It might come as a surprise, but Mr. Lynch says Barnes & Noble is, in fact, a technology company. Never mind that it has 703 bookstores and operates in all 50 states. To the delight of publishers, he has pushed hard into e-books and, with the help of the well-reviewed Nook, even grabbed a lot of market share from Amazon. But he is playing David to Mr. Bezos’s Goliath. Barnes & Noble’s stock closed on Friday at $11.95, putting the value of the company at $719 million. Amazon’s shares closed at $195.37, valuing Mr. Bezos’s company at $88 billion.
“We could sit here and bang our head against the wall and get sick about it like we do every week,” Mr. Lynch, 41, said of his company’s stock price. But he contends that pushing into e-books with the Nook is the right way, and perhaps the only way, forward.
“Had we not launched devices and spent the money we invested in the Nook, investors and analysts would have said, ‘Barnes & Noble is crazy, and they’re going to go away,’ ” Mr. Lynch said.

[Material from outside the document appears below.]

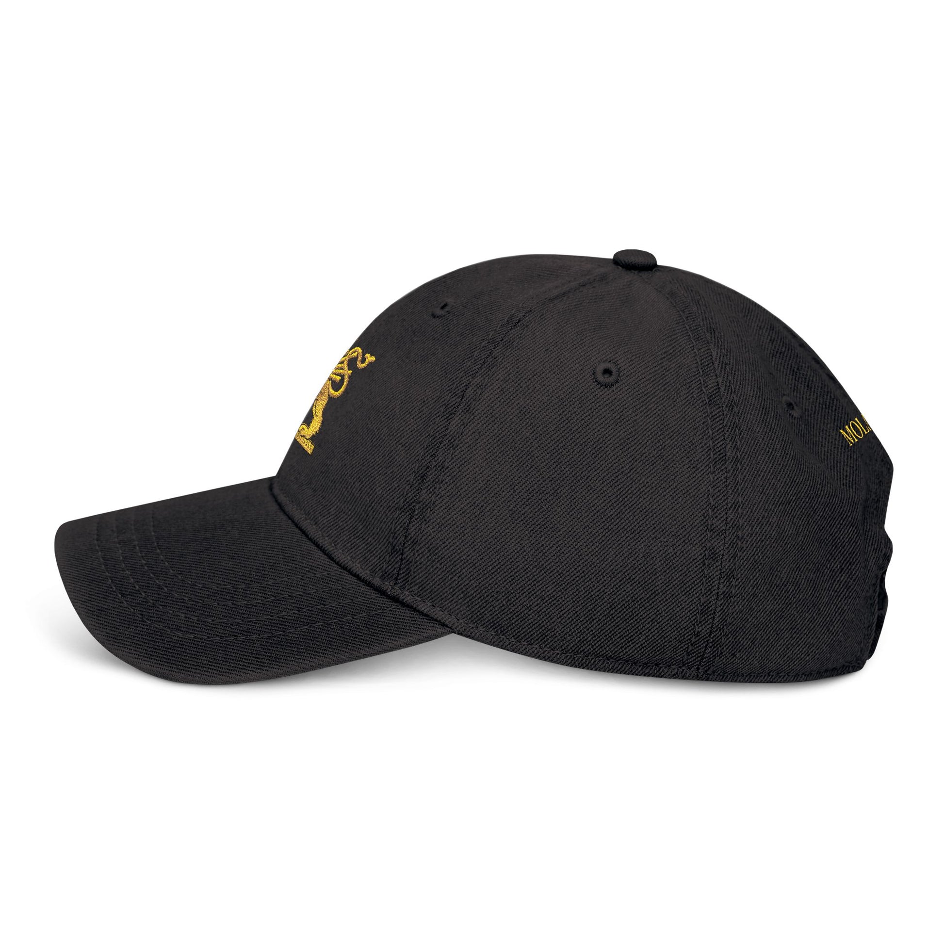 - Gold embroidery front emblem with matching stitched text at the back

BEFORE Mr. Lynch joined Barnes & Noble in 2009, he had never sold a book in his life. (The last book he read — on the Nook, he said last week — was “The Spy Who Came In From the Cold,” by John le Carré.) Mr. Lynch came to the job from IAC/InterActiveCorp, where he worked for HSN.com, the online outlet of the Home Shopping Network, and Gifts.com.
And yet, in three years, he has won a remarkable number of fans in the upper echelons of the book world. Most publishers in New York can’t say enough good things about him: smart, creative, tech-savvy — the list goes on. It helps that he has forged the friendliest relations between publishers and Barnes & Noble in recent memory. They are, after all, in this together.
Mr. Lynch grew up in Dallas and still speaks with a hint of Texas twang. But he has the foot-tapping intensity of a tech type running on four Mountain Dews. It seems fitting, then, that he usually works out of an office in the Chelsea neighborhood of Manhattan, where Barnes & Noble’s Web and digital operations are based, rather than at the company’s stately headquarters on Fifth Avenue, not far away. When he talks, you get the sense that he could be selling just about anything. As it happens, he is selling books.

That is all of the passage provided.